An immediate democracy of this sort thus does not require the structuring of political organizations that operate on the basis of an internal democracy; it calls rather for acts of adherence to already-constituted political propositions. An internal democracy would in fact imply the existence of tendencies, debates over strategy, competition among individuals: this is how parties are typically structured. Conversely, a political movement in the image of “the people as one body,” of which it seeks to be both the midwife and the revealer, can only form a coherent and cemented ensemble. This is why populist movements are in phase with the new world of social networks in which a category of followers has arisen; the term characterizes a type of bond among individuals and implies a pole from which initiatives emanate.
The critique of the media that is at the heart of populist rhetoric must be understood and measured by the yardstick of this principle of immediacy.

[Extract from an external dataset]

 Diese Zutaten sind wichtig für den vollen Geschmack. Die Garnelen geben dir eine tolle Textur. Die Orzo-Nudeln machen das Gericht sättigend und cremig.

The insults of a Trump addressed to journalists, the vituperations of an Orbán against the henchmen of George Soros, or the calls of a Mélenchon to a “legitimate and healthy hatred of the media” do not stem from simple fits of pique. While they may well translate exasperation and rancor in the face of contrary forces, they share more deeply in a theory of immediate democracy that deems it structurally illegitimate for intermediary bodies – of which the press constitutes a major instance – to presume to play an active role in animating public life and in constituting public opinion. For them, the media are impediments to the expression of the general will rather than necessary contributors to its formation. Viewed through a prism presupposing democratic spontaneity, the media can be regarded as functionally illegitimate and morally illegitimate as well, given their presumed dependency on private interests and the power of money.
Notes
1 1 Chantal Mouffe, The Democratic Paradox (London: Verso, 2000), p. 5.

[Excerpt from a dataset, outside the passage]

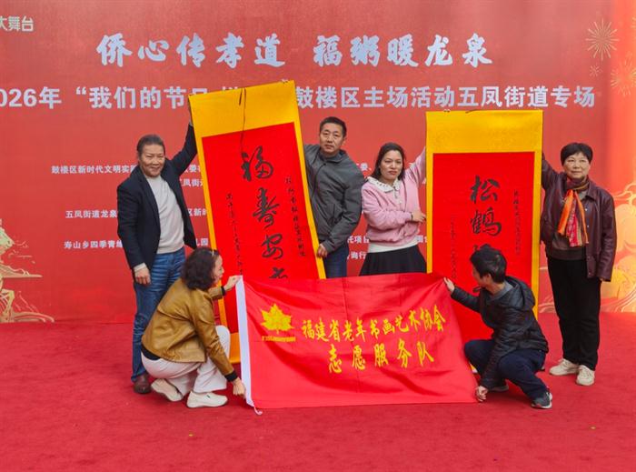 活动伊始,五凤街道领导致辞,送上节日祝福与殷切寄语。现场举行慰问与赠礼仪式,福建省居敬孝道文化交流中心理事长、省广电银色年华联盟主席游源飞、福建省老年书画艺术协会领导向五凤街道、龙泉社区赠送福建省委原常委、秘书长黄文麟题词书法作品。组织统战委员陈维莹,以及李宗明、林子利等老同志分别慰问侨胞侨眷、赠送书法作品,以墨传情、暖心聚力。

2 2 Jean-Marie Le Pen, “Pour une vraie révolution française,” National Hebdo, September 26, 1985. Le Pen was marking his difference from the Maurrassian counter-revolutionary extreme right that jeered at the idea of democracy. His article also marked a turning point with respect to his own previous skepticism about “Churchillian democracy”: see his earlier manifesto, Les Français d’abord (Paris: Carrère-Lafon, 1984).

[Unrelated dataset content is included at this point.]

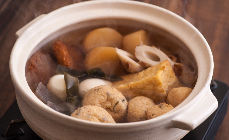 寒冷的季節裡,一碗熱騰騰的「關東煮」最能溫暖人心。高湯滲透進各種食材,湯香濃郁卻不膩口,是日本家庭與居酒屋中最具代表性的冬日料理。製作方法亦十分簡單,只要在煮好的高湯中加入醬油、味醂、清酒、鹽調味。先放入白蘿蔔、蒟蒻等難煮入味的食材,小火煮約30分鐘,再加入魚丸、豆腐、雞蛋等,續煮20~30分鐘。

3 3 Le Pen, “Pour une vraie révolution française.”
4 4 See chapter 4, “Rendre le pouvoir au peuple,” in the programmatic text Le grand changement, with a preface by Jean-Marie Le Pen: Marcos-Antonio Cantolla-Iradi, Le grand changement: Et si on essayait le Front national? (Saint-Cloud: Front National, 1997).
5 5 See for example Yvan Blot, Les racines de la liberté (Paris: Albin Michel, 1985), chapter 8, “Le modèle Suisse,” and chapter 9, “Le recours: La démocratie authentique”; and Yvan Blot, La démocratie directe: Une chance pour la France (Paris: Economica, 2012).
6 6 Speech delivered February 26, 2017, at the Zénith, a large concert venue in Nantes; see https://www.leparisien.fr/elections/presidentielle/presidentielle-meeting-de-marine-le-pen-sous-tension-a-nantes-26-02-2017-6713349.php. At the time, Marine Le Pen was the target of several judicial investigations into the operations of her party, the Front National, focusing on the fact that individuals working for her within the party had been remunerated by the European Parliament.
7 7 See the emblematic article by Alain de Benoist, “Vers une juridictature,” Éléments, no. 178 (May–June 2019). In the same issue, see also the dossier titled “Les juges contre la démocratie: Pour en finir avec la dictature du droit”: https://www.breizh-info.com/2019/05/16/119033/les-juges-contre-la-democratie-elements-n-178/.
8 8 On this point, see my discussion in “The Election of Judges: Some Historical Facts,” in Democratic Legitimacy: Impartiality, Reflexivity, Proximity, trans. Arthur Goldhammer (Princeton, NJ: Princeton University Press, [2008] 2011), pp. 155–9.
9 9 The formula comes from Vladislav Surkov, a Russian businessman and politician who played the role of organic intellectual and spin doctor for Putin in the 2000s.
10 10 Carl Schmitt (1888–1985) was one of the great German legal scholars of the twentieth century. With his well-buttressed critiques of liberalism and the parliamentary system, he championed a realist vision of politics (defined as conflict between friends and enemies) and of a racist and unanimist conception of “the people.” His evolution toward National Socialism helped discredit his thought, but he was “rediscovered” in the 1980s by a far right seeking intellectual forerunners and by a far left fascinated by his anti-liberal radicality and his cult of force.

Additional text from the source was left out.